#### Task requirements:
Look at the data below and print exactly the lines from its first line through the line with "Kalorifer poseduje termostat"; the pictures stay out of the copy.

Excerpts from a dataset:
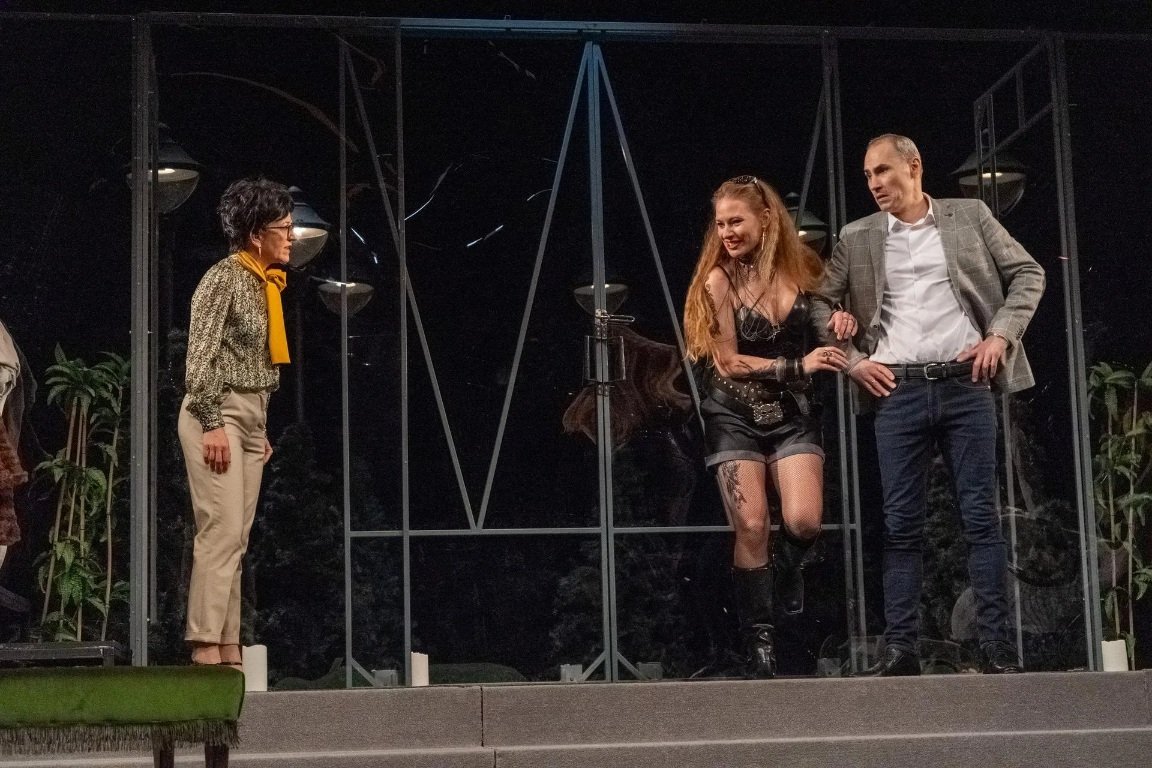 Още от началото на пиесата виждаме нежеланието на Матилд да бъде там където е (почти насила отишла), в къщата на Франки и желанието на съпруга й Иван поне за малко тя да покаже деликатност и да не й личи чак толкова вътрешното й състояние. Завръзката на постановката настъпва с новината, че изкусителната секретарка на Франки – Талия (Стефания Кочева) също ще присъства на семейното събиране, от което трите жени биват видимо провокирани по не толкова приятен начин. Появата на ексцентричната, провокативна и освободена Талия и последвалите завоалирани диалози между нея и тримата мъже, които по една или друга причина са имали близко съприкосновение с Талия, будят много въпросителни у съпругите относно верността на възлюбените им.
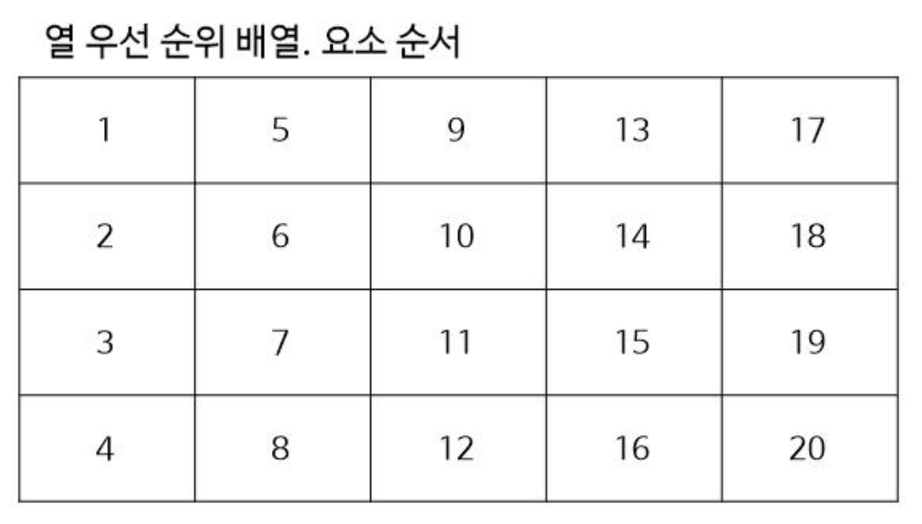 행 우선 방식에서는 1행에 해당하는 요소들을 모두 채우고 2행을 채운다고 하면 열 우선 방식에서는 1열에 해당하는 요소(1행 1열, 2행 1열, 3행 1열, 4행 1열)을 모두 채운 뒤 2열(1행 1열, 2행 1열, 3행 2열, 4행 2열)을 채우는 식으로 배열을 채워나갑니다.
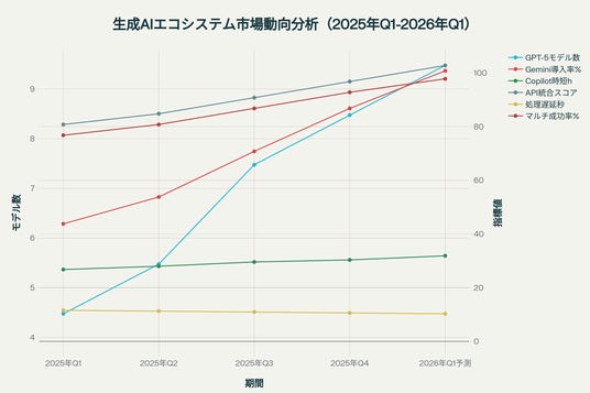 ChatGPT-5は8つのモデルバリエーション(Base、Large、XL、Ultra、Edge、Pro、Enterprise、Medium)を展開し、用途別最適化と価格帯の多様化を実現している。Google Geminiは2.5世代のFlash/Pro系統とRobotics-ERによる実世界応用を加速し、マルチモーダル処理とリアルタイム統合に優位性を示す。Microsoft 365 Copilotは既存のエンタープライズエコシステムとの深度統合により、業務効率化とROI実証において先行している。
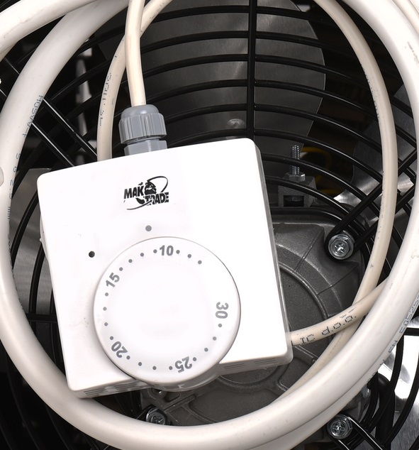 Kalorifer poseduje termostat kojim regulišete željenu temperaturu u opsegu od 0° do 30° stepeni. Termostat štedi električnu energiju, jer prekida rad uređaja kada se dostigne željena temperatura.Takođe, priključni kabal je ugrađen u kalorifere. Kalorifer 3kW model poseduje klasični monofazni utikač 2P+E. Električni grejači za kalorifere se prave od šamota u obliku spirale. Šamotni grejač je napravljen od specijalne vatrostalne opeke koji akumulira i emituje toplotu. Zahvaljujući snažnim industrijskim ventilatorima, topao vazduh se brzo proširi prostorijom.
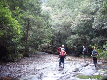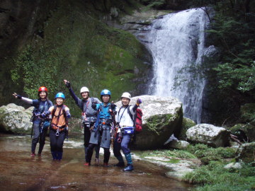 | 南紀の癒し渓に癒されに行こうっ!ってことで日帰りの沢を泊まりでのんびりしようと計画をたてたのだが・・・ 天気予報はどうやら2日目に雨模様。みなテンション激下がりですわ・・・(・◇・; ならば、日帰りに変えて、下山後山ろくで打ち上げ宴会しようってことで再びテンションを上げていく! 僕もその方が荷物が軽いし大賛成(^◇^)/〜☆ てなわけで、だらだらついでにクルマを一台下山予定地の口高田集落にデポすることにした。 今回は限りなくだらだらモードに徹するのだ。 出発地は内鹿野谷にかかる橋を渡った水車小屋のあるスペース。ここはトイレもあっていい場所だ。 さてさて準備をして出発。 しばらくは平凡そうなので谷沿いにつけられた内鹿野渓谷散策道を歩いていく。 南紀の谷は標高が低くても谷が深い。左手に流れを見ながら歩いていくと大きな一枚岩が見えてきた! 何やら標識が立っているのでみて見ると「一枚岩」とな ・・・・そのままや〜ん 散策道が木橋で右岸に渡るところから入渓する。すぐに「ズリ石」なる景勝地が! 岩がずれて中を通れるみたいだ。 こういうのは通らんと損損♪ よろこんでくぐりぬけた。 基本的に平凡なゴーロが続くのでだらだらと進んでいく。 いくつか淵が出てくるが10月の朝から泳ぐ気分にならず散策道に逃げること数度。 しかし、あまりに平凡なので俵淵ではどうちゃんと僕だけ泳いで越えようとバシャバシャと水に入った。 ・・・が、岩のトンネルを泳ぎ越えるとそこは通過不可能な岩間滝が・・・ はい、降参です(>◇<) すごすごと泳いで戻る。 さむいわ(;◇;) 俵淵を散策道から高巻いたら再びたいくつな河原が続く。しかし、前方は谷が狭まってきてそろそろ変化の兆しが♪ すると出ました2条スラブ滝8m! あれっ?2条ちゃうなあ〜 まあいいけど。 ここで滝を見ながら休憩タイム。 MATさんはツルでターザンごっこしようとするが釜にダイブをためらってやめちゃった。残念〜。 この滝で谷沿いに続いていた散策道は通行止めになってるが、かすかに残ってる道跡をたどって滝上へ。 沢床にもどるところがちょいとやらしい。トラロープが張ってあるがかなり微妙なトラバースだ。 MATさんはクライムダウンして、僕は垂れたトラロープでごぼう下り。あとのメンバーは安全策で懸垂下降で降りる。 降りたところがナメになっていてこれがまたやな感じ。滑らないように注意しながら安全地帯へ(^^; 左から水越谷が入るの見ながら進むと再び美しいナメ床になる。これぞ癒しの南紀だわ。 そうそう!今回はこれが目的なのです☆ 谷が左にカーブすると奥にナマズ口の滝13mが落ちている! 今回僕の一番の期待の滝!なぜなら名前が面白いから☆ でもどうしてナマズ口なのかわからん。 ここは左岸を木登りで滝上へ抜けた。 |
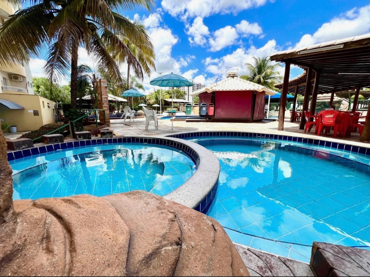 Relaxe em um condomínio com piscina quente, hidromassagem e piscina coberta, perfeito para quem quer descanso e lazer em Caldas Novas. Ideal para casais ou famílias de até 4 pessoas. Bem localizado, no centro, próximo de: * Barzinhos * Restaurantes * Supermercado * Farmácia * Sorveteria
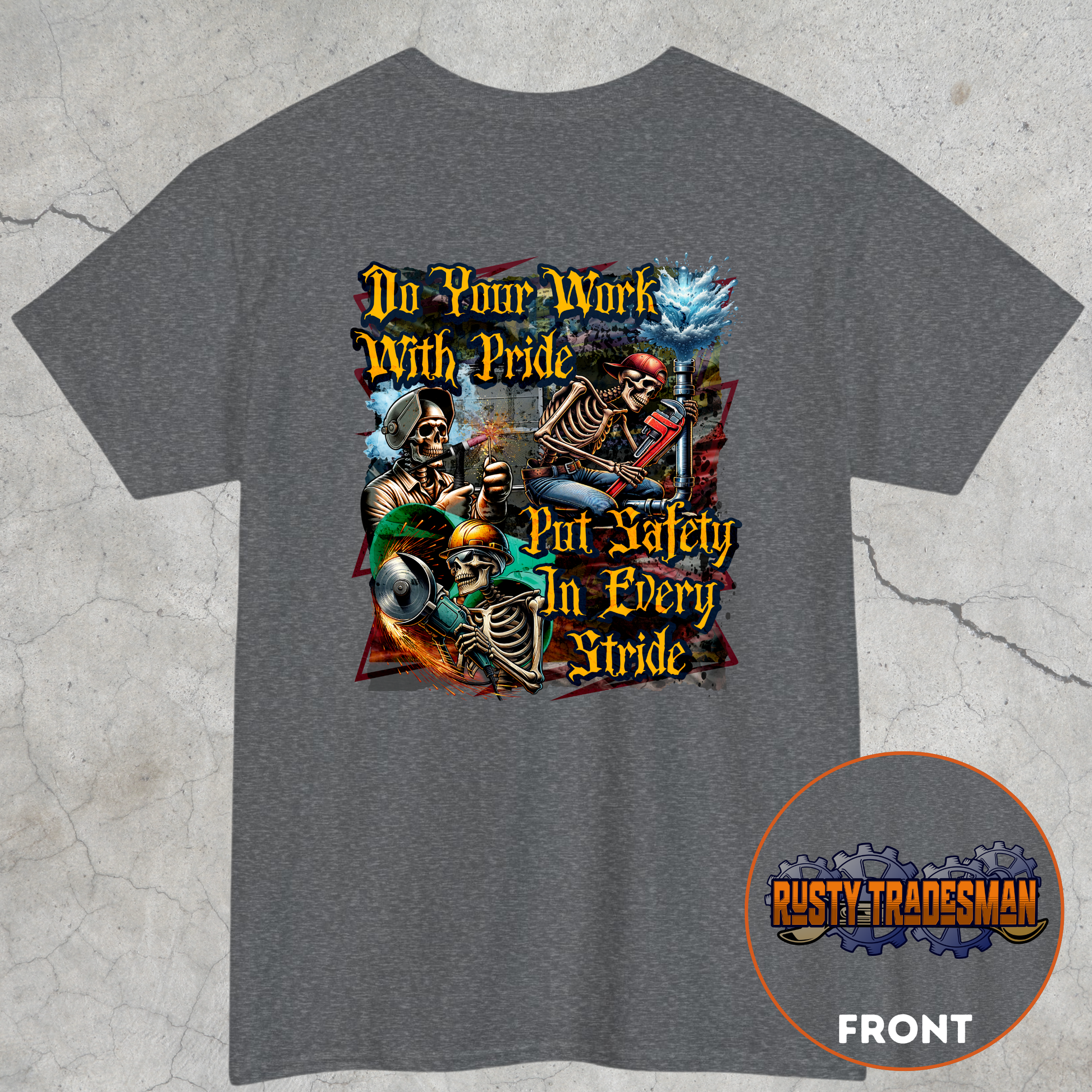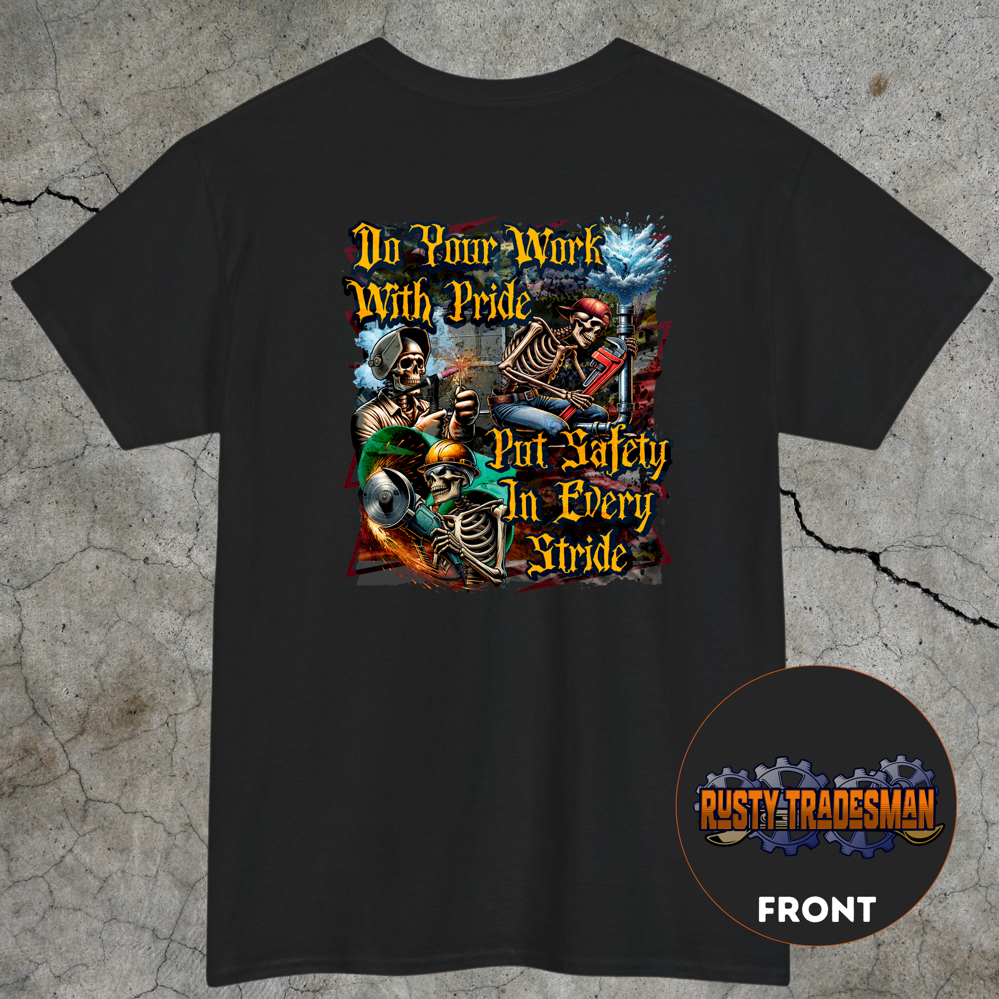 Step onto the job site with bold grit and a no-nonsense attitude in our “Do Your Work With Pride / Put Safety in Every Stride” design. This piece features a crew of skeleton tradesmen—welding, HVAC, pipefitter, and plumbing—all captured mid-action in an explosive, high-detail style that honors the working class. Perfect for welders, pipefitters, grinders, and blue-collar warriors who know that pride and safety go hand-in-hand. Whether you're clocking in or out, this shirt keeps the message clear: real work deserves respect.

#### Output below:
 Още от началото на пиесата виждаме нежеланието на Матилд да бъде там където е (почти насила отишла), в къщата на Франки и желанието на съпруга й Иван поне за малко тя да покаже деликатност и да не й личи чак толкова вътрешното й състояние. Завръзката на постановката настъпва с новината, че изкусителната секретарка на Франки – Талия (Стефания Кочева) също ще присъства на семейното събиране, от което трите жени биват видимо провокирани по не толкова приятен начин. Появата на ексцентричната, провокативна и освободена Талия и последвалите завоалирани диалози между нея и тримата мъже, които по една или друга причина са имали близко съприкосновение с Талия, будят много въпросителни у съпругите относно верността на възлюбените им.
 행 우선 방식에서는 1행에 해당하는 요소들을 모두 채우고 2행을 채운다고 하면 열 우선 방식에서는 1열에 해당하는 요소(1행 1열, 2행 1열, 3행 1열, 4행 1열)을 모두 채운 뒤 2열(1행 1열, 2행 1열, 3행 2열, 4행 2열)을 채우는 식으로 배열을 채워나갑니다.
 ChatGPT-5は8つのモデルバリエーション(Base、Large、XL、Ultra、Edge、Pro、Enterprise、Medium)を展開し、用途別最適化と価格帯の多様化を実現している。Google Geminiは2.5世代のFlash/Pro系統とRobotics-ERによる実世界応用を加速し、マルチモーダル処理とリアルタイム統合に優位性を示す。Microsoft 365 Copilotは既存のエンタープライズエコシステムとの深度統合により、業務効率化とROI実証において先行している。
 Kalorifer poseduje termostat kojim regulišete željenu temperaturu u opsegu od 0° do 30° stepeni. Termostat štedi električnu energiju, jer prekida rad uređaja kada se dostigne željena temperatura.Takođe, priključni kabal je ugrađen u kalorifere. Kalorifer 3kW model poseduje klasični monofazni utikač 2P+E. Električni grejači za kalorifere se prave od šamota u obliku spirale. Šamotni grejač je napravljen od specijalne vatrostalne opeke koji akumulira i emituje toplotu. Zahvaljujući snažnim industrijskim ventilatorima, topao vazduh se brzo proširi prostorijom.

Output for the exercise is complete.